# GIVEN ENTRIES:
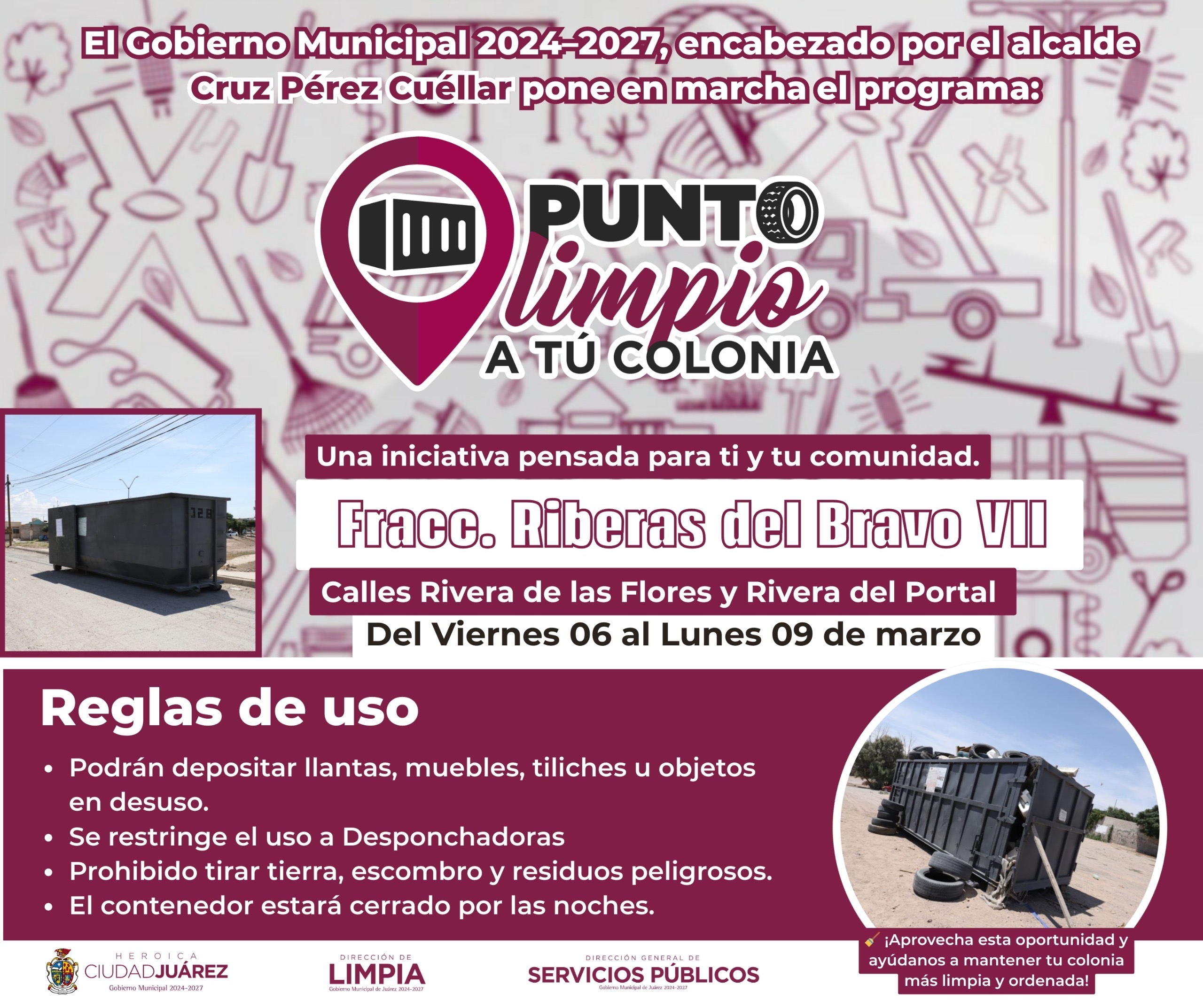 “Invitamos a todos los juarenses de estas colonias y sectores cercanos a que aprovechen la herramienta. Es un contenedor grande de 30 metros cúbicos, donde podrán depositar de manera práctica, gratuita y responsable tiliches, colchones, muebles dañados, tapetes, algunas llantas y otros objetos que ya no utilicen”, señaló.
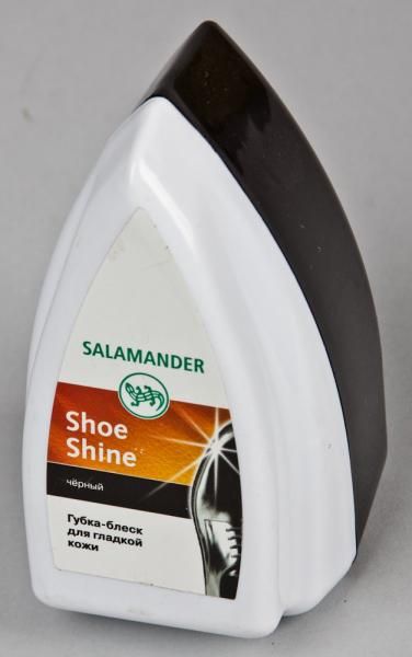 Губка-блеск Salamander Shoe Shine применяется для ухода за гладкой кожей. Бережно ухаживает за обувью из гладкой кожи, а также превосходно очищает от пыли и других загрязнений. В состав входит губка, силиконовое масло и пигменты. Цвет восстанавливается благодаря пигментам чёрного цвета. Силиконовое масло придаст обуви блеск без дополнительной полировки. Прост в использовании, нужно только потереть поверхность губкой-блеском.
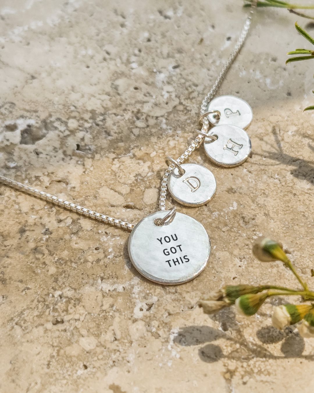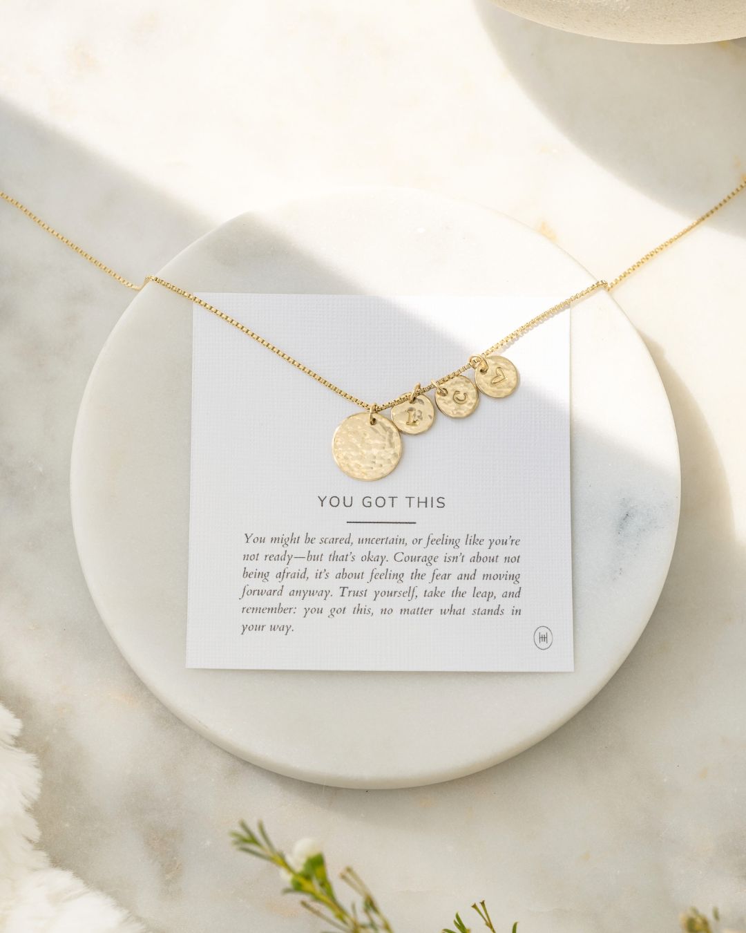 Featuring a hand-hammered heart charm engraved with “You Got This,” the Reya Necklace lets you add 1 to 6 personalized initial or symbol tags—each one representing someone who supports you or a part of yourself you’re reclaiming.
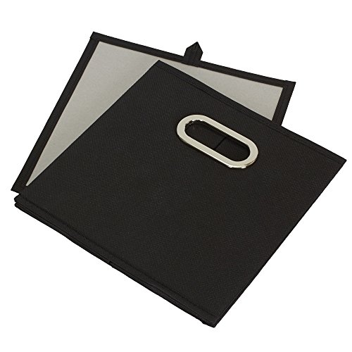 Household essentials set of 6 black fabric storage bin cubes are classic collapsible storage bins with a single grommet handle for pull-out storage that is Fast, simple, and completely color-coordinated. This great set of storage bins transforms home and office clutter into great design. Each bin has sturdy fiberboard sides and base with durably polypropylene fabric on top. PP cloth is strong and durable, and it wipes clean with a damp cloth. Ideally sized to fit on shelves or inside open cubes for a make-shift dresser or desk, these cloth storage bins keep organization simple. Perfect for organizing clothing, accessories, cosmetics, toiletries, office supplies and more! Each bin in this set of 6 is 11 inches high, 11 inches wide, and 11 inches deep.
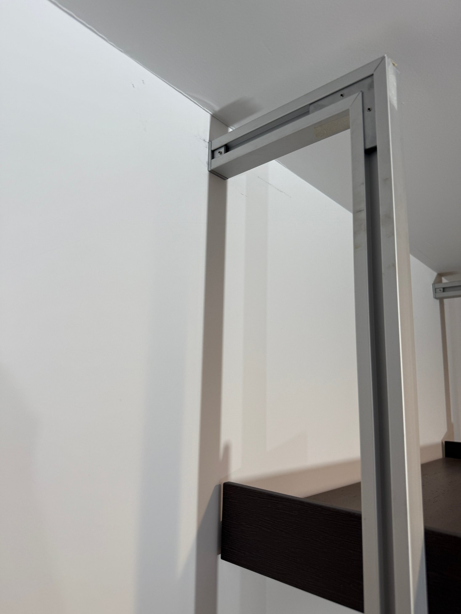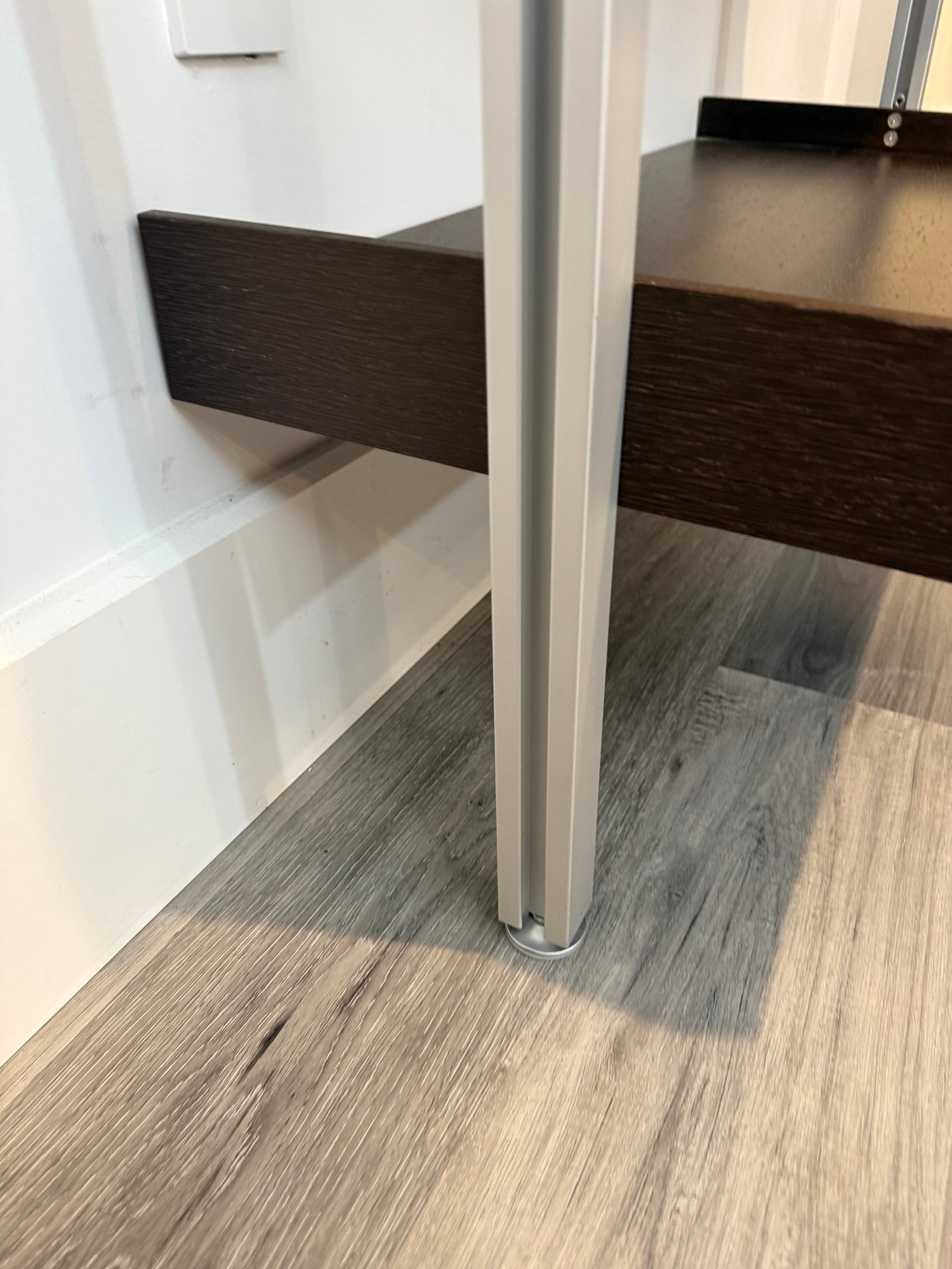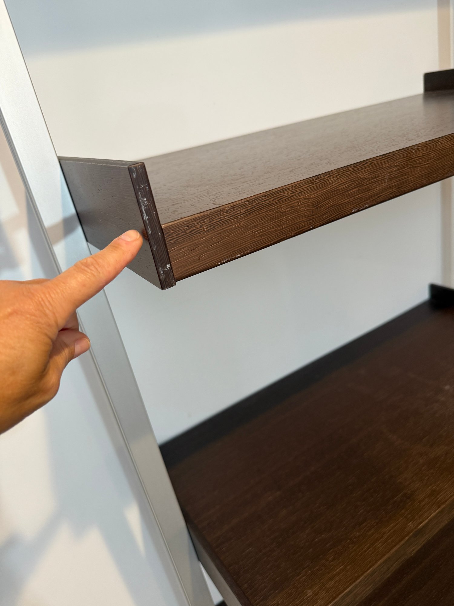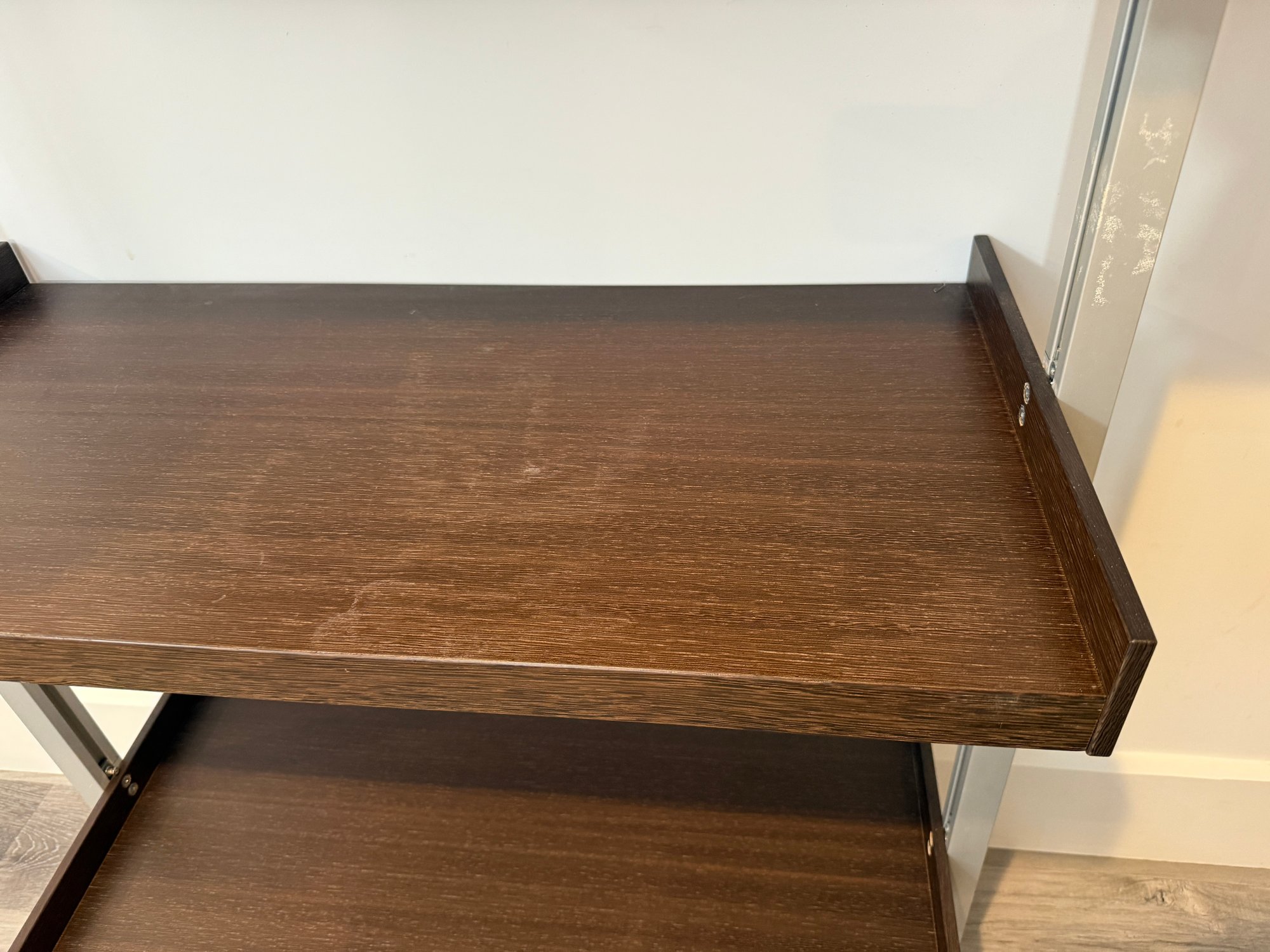 Believed to be Design Within Reach Treku wall shelving system. Brushed stainless steel with wood shelves
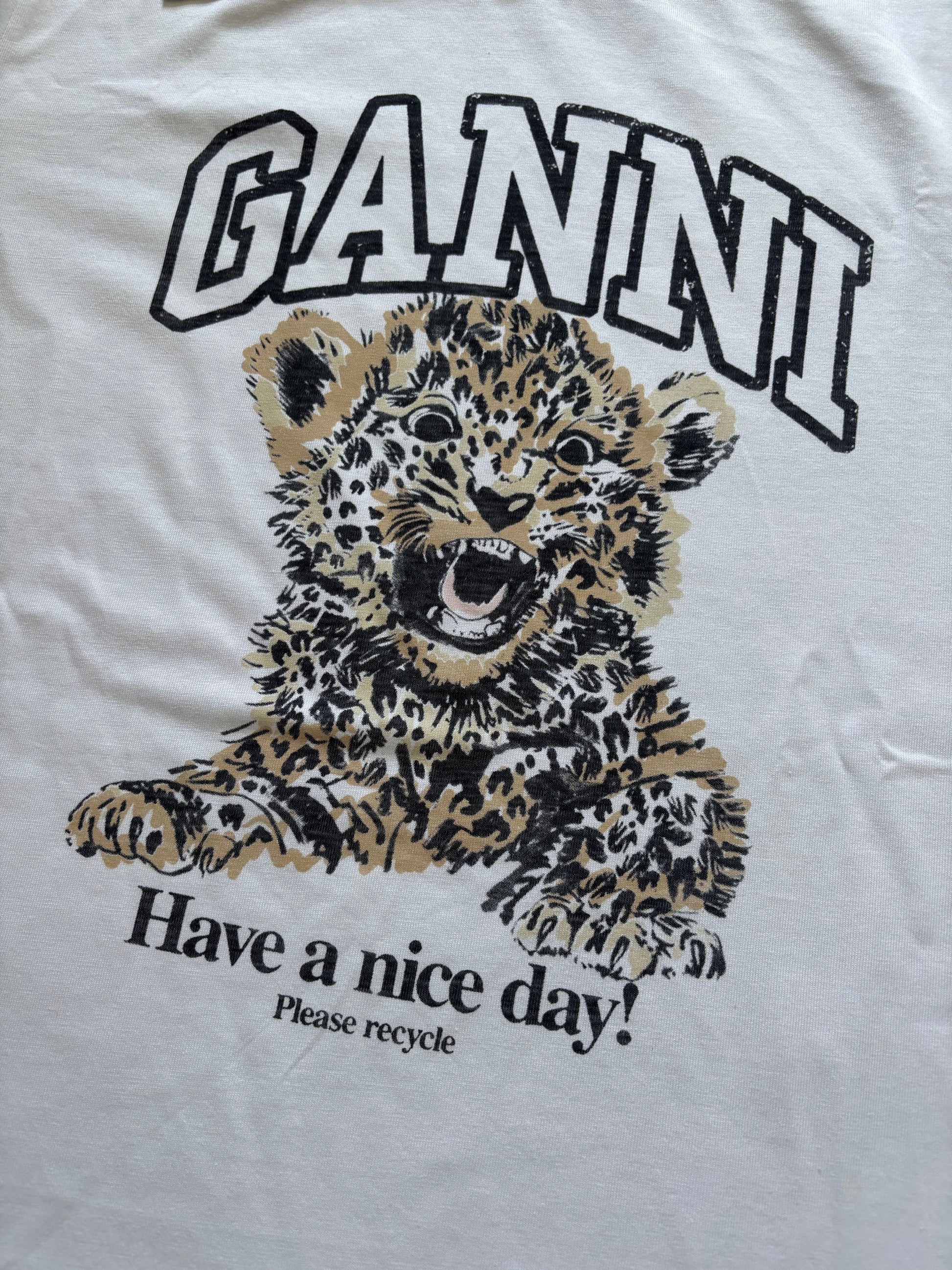 En playful klassiker fra GANNI – denne tee kombinerer humor og stil i ét. Leopardungen med åben mund og det venlige budskab skaber et levende, næsten ironisk udtryk, som fanger øjet.
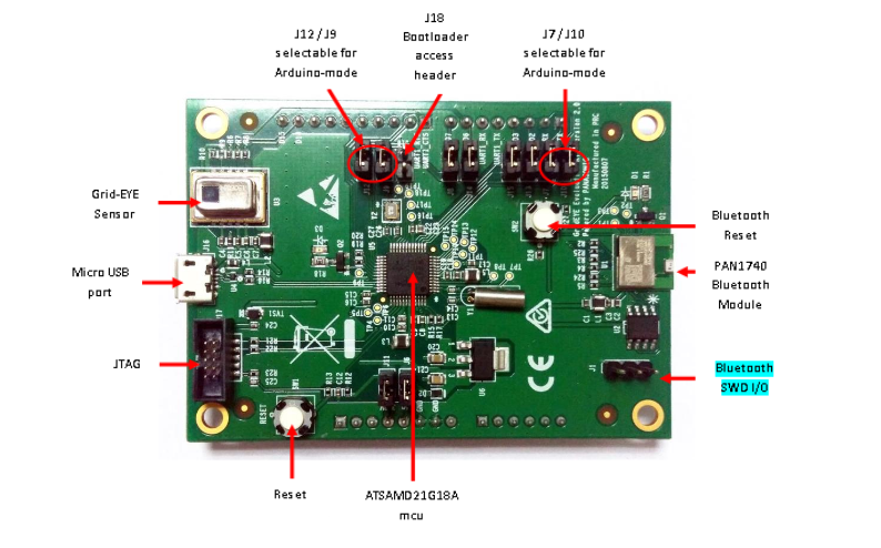 L’objectif est de cibler les développeurs d'pplications de détection sans fil avec une carte qui intègre, outre le capteur Mems IR de Panasonic, un module Bluetooth LE (Low Energy) basse consommation (moins de 5 mA en transmission et en réception) de cette même société (modèle PAN1740) et un microcontrôleur 32 bits (un ATSAMD21G18A d’Atmel architecturé sur un coeur ARM Cortex-M0+ cadencé à 48 MHz).

# TASK TO COMPLETE:
Repeat only what lies between the start of the data and the end of the line containing "En playful klassiker", exactly, with pictures left out.

# RESPONSE TO THIS EXERCISE:
 “Invitamos a todos los juarenses de estas colonias y sectores cercanos a que aprovechen la herramienta. Es un contenedor grande de 30 metros cúbicos, donde podrán depositar de manera práctica, gratuita y responsable tiliches, colchones, muebles dañados, tapetes, algunas llantas y otros objetos que ya no utilicen”, señaló.
 Губка-блеск Salamander Shoe Shine применяется для ухода за гладкой кожей. Бережно ухаживает за обувью из гладкой кожи, а также превосходно очищает от пыли и других загрязнений. В состав входит губка, силиконовое масло и пигменты. Цвет восстанавливается благодаря пигментам чёрного цвета. Силиконовое масло придаст обуви блеск без дополнительной полировки. Прост в использовании, нужно только потереть поверхность губкой-блеском.
 Featuring a hand-hammered heart charm engraved with “You Got This,” the Reya Necklace lets you add 1 to 6 personalized initial or symbol tags—each one representing someone who supports you or a part of yourself you’re reclaiming.
 Household essentials set of 6 black fabric storage bin cubes are classic collapsible storage bins with a single grommet handle for pull-out storage that is Fast, simple, and completely color-coordinated. This great set of storage bins transforms home and office clutter into great design. Each bin has sturdy fiberboard sides and base with durably polypropylene fabric on top. PP cloth is strong and durable, and it wipes clean with a damp cloth. Ideally sized to fit on shelves or inside open cubes for a make-shift dresser or desk, these cloth storage bins keep organization simple. Perfect for organizing clothing, accessories, cosmetics, toiletries, office supplies and more! Each bin in this set of 6 is 11 inches high, 11 inches wide, and 11 inches deep.
 Believed to be Design Within Reach Treku wall shelving system. Brushed stainless steel with wood shelves
 En playful klassiker fra GANNI – denne tee kombinerer humor og stil i ét. Leopardungen med åben mund og det venlige budskab skaber et levende, næsten ironisk udtryk, som fanger øjet.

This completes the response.